With an angry sense that she was being stared at, Grania on her side turned and gazed fiercely at them, her great slumberous eyes, so Southern in their darkness, filled with a curious lowering light.
The visitors passed hastily on up the track.
‘Did you notice that girl standing above the pathway?’ one of the ladies said to the other. ‘How she stared! Did you observe? Not quite pleasant, was it?’
‘Yes,’ the other answered, clutching rather feverishly at her skirts. ‘Don’t go so quickly, dear. What stones! Yes, I noticed her. A fine, handsome creature, I thought—picturesque, too, in her red petticoat—but, as you say, not exactly pleasant-looking. Generally they have such good manners, poor creatures—quite decent, you know!’
They hurried on, for a storm was clearly coming up, and the yacht was not built for heavy weather. Quick, hot gusts of wind kept following one another over the grey, treeless surface of the island. The sea, too, sent up an occasional growl—a hint as to what might be coming. The visit to Dun Connor had accordingly to be cut short, and, with a hasty glance at the wilderness of stone around them, the visitors turned down the path again, and betook themselves to the shore.
From her usual post beside the cabin Grania watched them stumbling over the stones in their haste and rapidly embarking, with a feeling of satisfaction in her own fierce sea and sky which had scared away these fine people so suddenly.
A dull wrath, like that of the coming storm itself, was in the girl’s veins. She had passed Murdough early the same day—one of the O’Flaherties and Phil Garry were with him at the time—and he had ostentatiously gone on talking and laughing, without paying the smallest attention to her presence. She, on her side, had passed him without a glance, but it had seemed to her as if every drop of blood in her veins had turned in that instant to boiling lead, and she could have killed all three of them then and there, without ruth or hesitation, had her means been only equal to her wishes. It was still burning dangerously in her, that dull wrath, made up of anger, inarticulate despair, of love turned for the time being into a sort of sombre hatred. The necessity, too, of concealing it from Honor made it all the worse and all the more perilously pent up within her.

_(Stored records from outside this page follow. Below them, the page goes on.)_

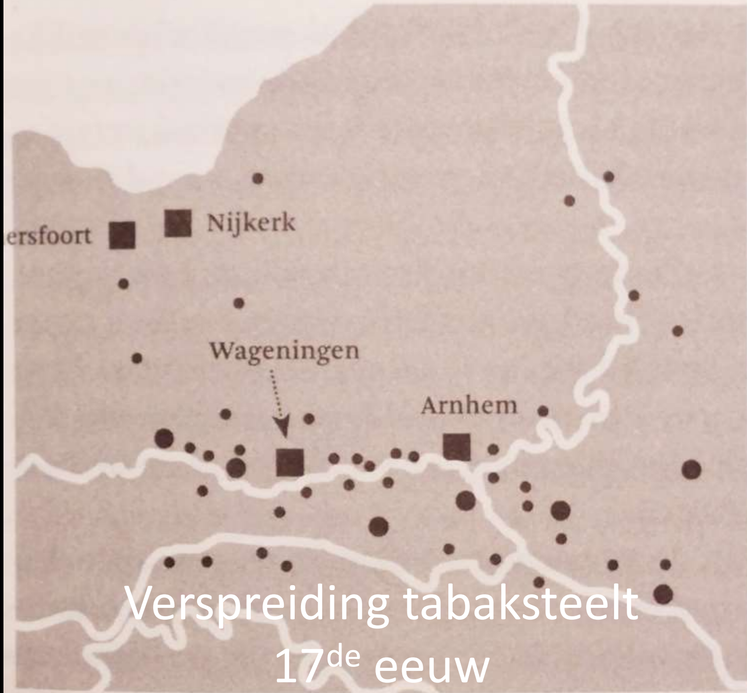
Verspreiding tabaksteelt 17 de eeuw
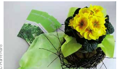
Natürlich gefeiertes Pfarrfest

Das Pfarrfest – auch bislang schon mit Mehrweg, wenig Müll und vegetarischem Angebot gefeiert – punktete heuer mit sanfter Anreise. Als Teil des Projekts „f5-Pfarrgemeinde“ ist die Pfarre Hard sehr um Schöpfungsfreundlichkeit bemüht.
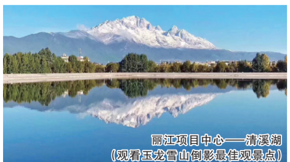
丽江项目中心——清溪湖（观看玉龙雪山倒影最佳 viewpoint）

2012~2017年，丽江旅游业发展势头良好，旅游人数不断增长，6年年均复合增长率达20.54%。
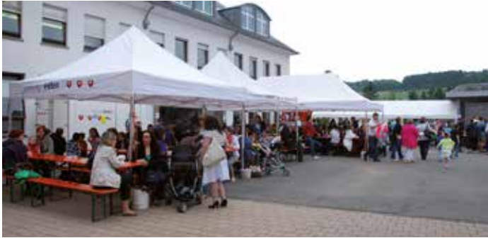
Mëttegiessen fir Grouss a Kleng
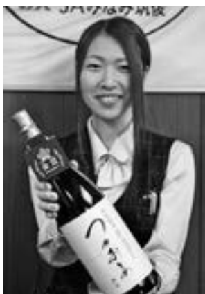
◀金賞を受賞したつやおとめ

9月6日、福岡市で開催された第6回福岡県酒類鑑評会で、日本酒の純米吟醸酒・純米酒の部において、特別純米酒「つやおとめ」が、見事金賞を受賞しました。
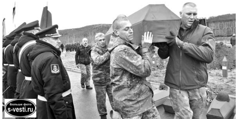
Церемонии погребения останков одни называют торжественной, другие траурной, но сходятся в том, что она важная и необходимая.
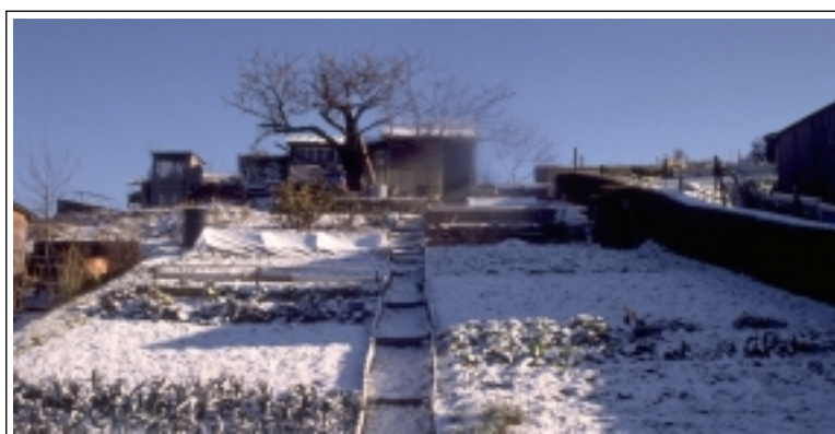
CAUE 69 - "La fonction première des chemins est la distribution des accès aux parcelles de jardins,..." (jardins Volpette à St-Etienne)

Leur fonction première est, certes la distribution des accès aux parcelles de jardins. Mais à la croisée des chemins, on se dit bonjour, on cause des petits services de voisinage. Dans ces sites de nature, les allées invitent à la promenade. Les promeneurs recherchent le bucolique et apprécient de flâner au gré des parfums de l'été ou du printemps. Le bucolique inspire la marche .
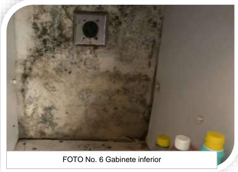
FOTO No. 6 Gabinete inferior
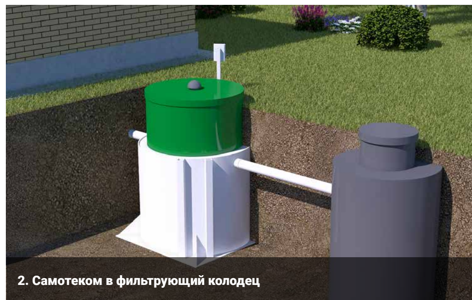
2. Самотеком в фильтрующий колодец
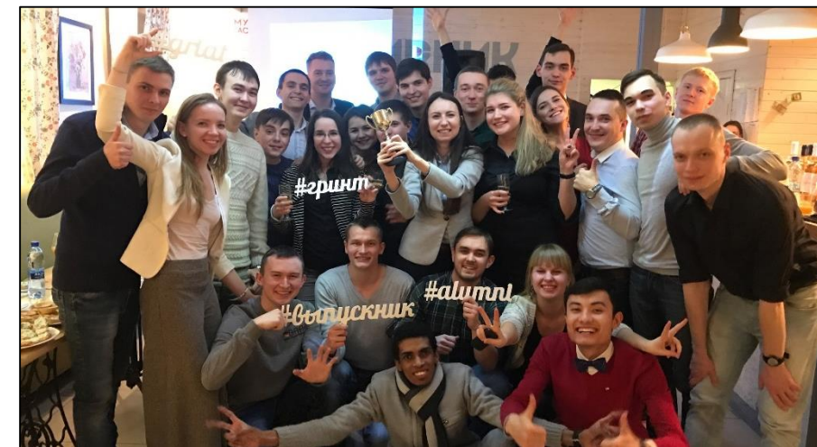
Встреча выпускников 2016

Канал телеграмм – единственный источник коммуникаций
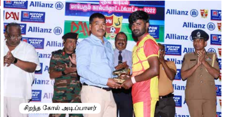
சிறந்த கோல் அடிப்பாளர்
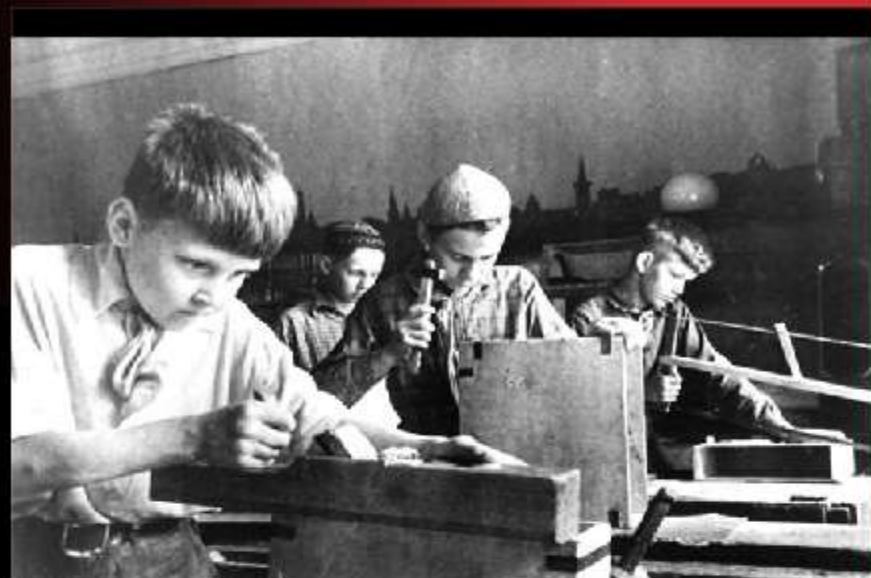
Репортаж из дня вчерашнего
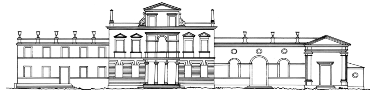
Disegno ricostruttivo del prospetto della villa dopo il restauro artistico.

L'attuale situazione della villa deriva dai due ultimi restauri avvenuti in anni recenti: quello attorno al 1970 realizzato dalla famiglia Valeri e quello successivo messo in opera dalla famiglia Cenedese.
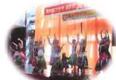
市民活動団体・サークルの発 表や展示の場・機会を提供
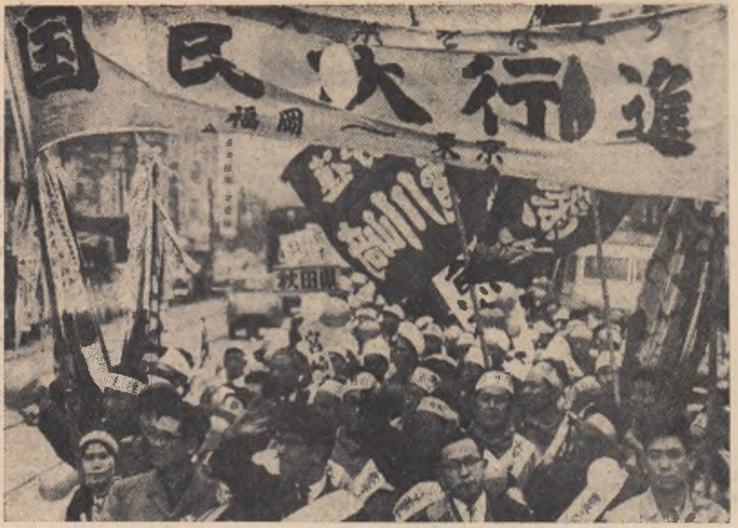
La 4 martie a.c. s-au întrunit la Tokio circa 70.000 de mîneri pentru a lua parte la deschierea acțiunii unite a muncitorilor în vederea mării salariilor și îmbunătățirii asigurărilor sociale. În fotografie: Sosirea la Tokio a unui grup de mîneri din Kyushu.

● Combinatul industrial, unul din cele mai mari întreprinderi industriale din R.P. Mongolia, va da anul acesta o producție în valoare de 89,4 milioane de tugrici. În comparație cu anul trecut producția globală a combinatului industrial va crește cu 36,6 la sută. În cinstea celei de-a 40-a aniversări a revoluției populare colectivei combinatului industrial și-a luat angajamentul să producă suplimentar 15.000 metri de pîisă, 18.000 perechi de cisme de piele, 9.000 metri de țesături etc.
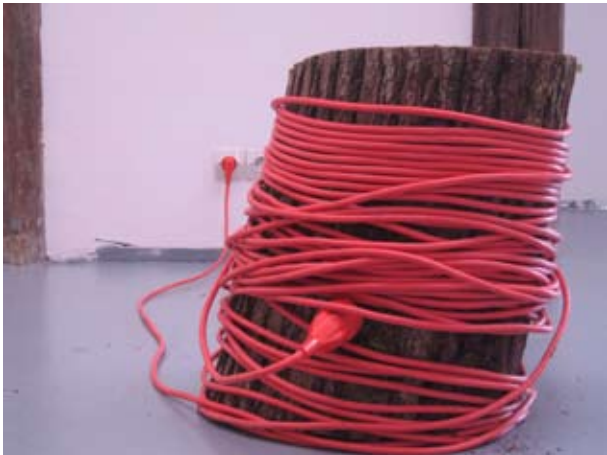
Art, Science, Technology , 2007 160 x 49 x 43 cm bois, rallonge électrique / wood, electrical cord
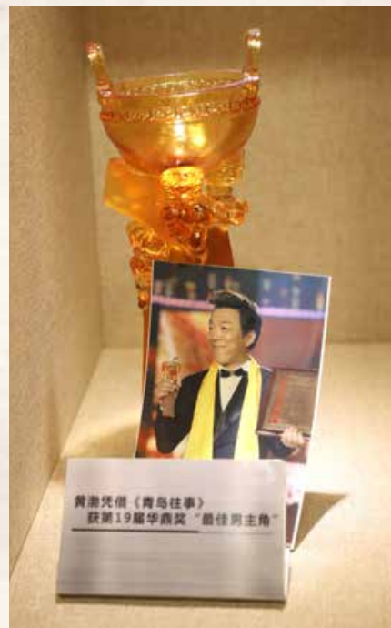
黄渤将自己的奖杯捐赠给博物馆。 Huangbo donated his trophy to the museum.
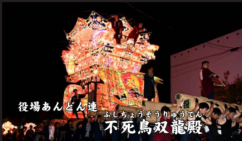
役場あんどん連 ふしちょうそうりゅうでん 不死鳥双龍殿

As it happened, a mode of expending it came that very night, and the long mystery of the stolen turf was at the same time cleared up.
The promised storm came on to blow unmistakably about six o’clock, and by nine or ten o’clock it had grown to a regular tempest. North and south, east and west, it seemed to come from all directions at once. Warm scuds of rain fell as if from a bucket. Then the Atlantic joined the concert, its hollow, bull-voiced roar, full of suggestions of shipwreck, terror, and death, coming up unceasingly to them from below.

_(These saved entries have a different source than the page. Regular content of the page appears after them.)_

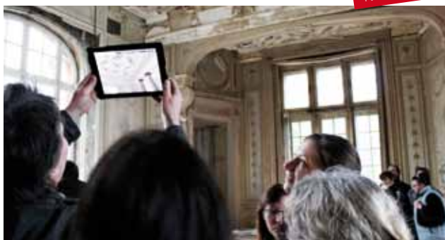
Visite de l'aile ouest

Bombardée par les Alliés en 1944, l'aile ouest du château ouvre à nouveau ses portes. Une visite des lieux propose de superposer l'état actuel de cet espace du château avec la vision de ce qu'il était au début du 20 e siècle grâce à la « réalité augmentée ». Munis de tablettes numériques, les visiteurs se promènent dans ce qui fut un grand salon et découvrent à la fois ce qu'ils ont sous les yeux - un extraordinaire écorché montrant des techniques de construction novatrices pour l'époque (poutrelles métalliques) -, et ce que leur révèlent les images de la tablette en situation – des décors inspirés de l'Antiquité.
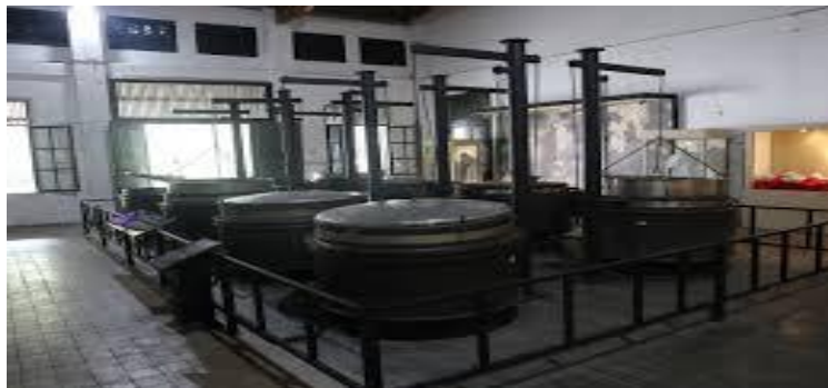
Gambar 6. Periuk Nasi Museum Goedang Ransoem

Periuk pemasak beras dan sayur ini berdiameter 124 cm hingga mencapai 132 cm, badan periuk setinggi 60 cm hingga 62 cm (belum termasuk tutupnya) dan tebal 1,2 cm. Periuk raksasa ini terdiri dari empat bagian: lapisan luar periuk, periuk anggota dalam terbuat dari nikel, langsung juga terbuat dari nikel, tutup.
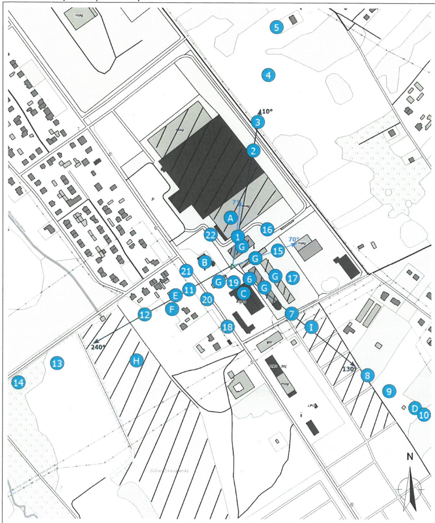
Zał. 2. Widok pionów pomiarowych
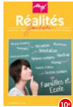
n°102-103 | 2013 Familles et Ecole
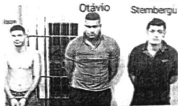
Trio preso em Imperatriz após assaltar barbearia, dois dias seguidos
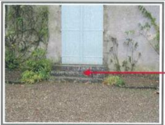
2 marches submergées.
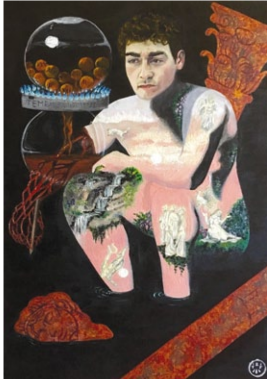
“Locus Amoenus”, allegoria dell’arte figurativa acrilico e olio su tela

Poor Honor was rather frightened. The suddenness of the storm disturbed and distressed her. It seemed unnatural, this combination of heat and of rushing wind. It was a new thing to her experience, and seemed to forebode evil. From time to time the sound of her prayers could be heard coming from her own dusky corner, the words caught and carried off, as it were, before they were half uttered by the rushing wind, which tore down the chimney and seemed to be bent, this time, upon dislodging the sturdy, much-enduring little house from its deeply-set foundations upon the rocks.